• **DATA PROVIDED**
▶
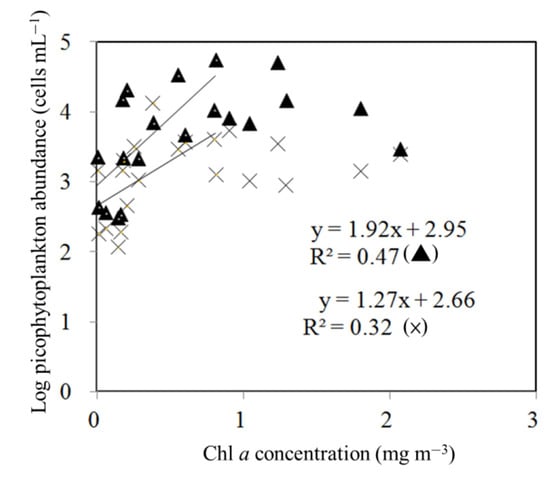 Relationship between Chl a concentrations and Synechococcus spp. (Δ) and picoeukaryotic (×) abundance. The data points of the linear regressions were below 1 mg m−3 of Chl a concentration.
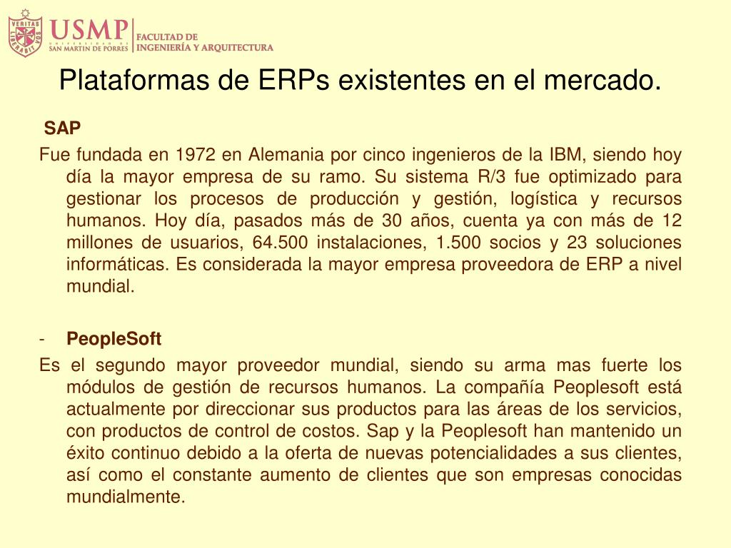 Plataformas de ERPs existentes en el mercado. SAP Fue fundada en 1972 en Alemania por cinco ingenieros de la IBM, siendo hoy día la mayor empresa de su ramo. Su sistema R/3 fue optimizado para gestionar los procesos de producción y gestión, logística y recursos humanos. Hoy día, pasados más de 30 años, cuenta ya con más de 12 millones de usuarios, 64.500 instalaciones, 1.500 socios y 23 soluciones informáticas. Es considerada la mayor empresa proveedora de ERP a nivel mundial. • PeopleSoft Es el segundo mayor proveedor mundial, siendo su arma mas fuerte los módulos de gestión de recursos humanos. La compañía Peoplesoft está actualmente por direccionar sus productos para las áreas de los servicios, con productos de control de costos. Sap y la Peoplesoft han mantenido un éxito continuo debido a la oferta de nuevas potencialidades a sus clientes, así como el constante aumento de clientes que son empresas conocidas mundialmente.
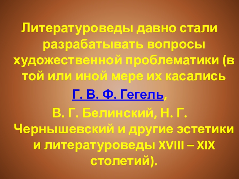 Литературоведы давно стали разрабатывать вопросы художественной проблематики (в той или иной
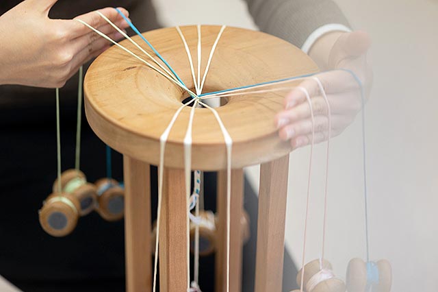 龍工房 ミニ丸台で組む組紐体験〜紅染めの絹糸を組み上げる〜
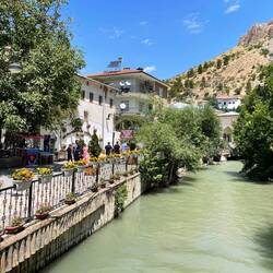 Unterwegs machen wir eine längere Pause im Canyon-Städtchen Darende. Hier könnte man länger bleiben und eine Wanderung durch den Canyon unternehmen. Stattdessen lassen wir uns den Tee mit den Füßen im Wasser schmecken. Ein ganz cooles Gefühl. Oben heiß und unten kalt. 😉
◀
• **BRIEF**
Write out the records above in full and exactly, with no pictures.

• **ANSWER TO THE PROBLEM**
 Relationship between Chl a concentrations and Synechococcus spp. (Δ) and picoeukaryotic (×) abundance. The data points of the linear regressions were below 1 mg m−3 of Chl a concentration.
 Plataformas de ERPs existentes en el mercado. SAP Fue fundada en 1972 en Alemania por cinco ingenieros de la IBM, siendo hoy día la mayor empresa de su ramo. Su sistema R/3 fue optimizado para gestionar los procesos de producción y gestión, logística y recursos humanos. Hoy día, pasados más de 30 años, cuenta ya con más de 12 millones de usuarios, 64.500 instalaciones, 1.500 socios y 23 soluciones informáticas. Es considerada la mayor empresa proveedora de ERP a nivel mundial. • PeopleSoft Es el segundo mayor proveedor mundial, siendo su arma mas fuerte los módulos de gestión de recursos humanos. La compañía Peoplesoft está actualmente por direccionar sus productos para las áreas de los servicios, con productos de control de costos. Sap y la Peoplesoft han mantenido un éxito continuo debido a la oferta de nuevas potencialidades a sus clientes, así como el constante aumento de clientes que son empresas conocidas mundialmente.
 Литературоведы давно стали разрабатывать вопросы художественной проблематики (в той или иной
 龍工房 ミニ丸台で組む組紐体験〜紅染めの絹糸を組み上げる〜
 Unterwegs machen wir eine längere Pause im Canyon-Städtchen Darende. Hier könnte man länger bleiben und eine Wanderung durch den Canyon unternehmen. Stattdessen lassen wir uns den Tee mit den Füßen im Wasser schmecken. Ein ganz cooles Gefühl. Oben heiß und unten kalt. 😉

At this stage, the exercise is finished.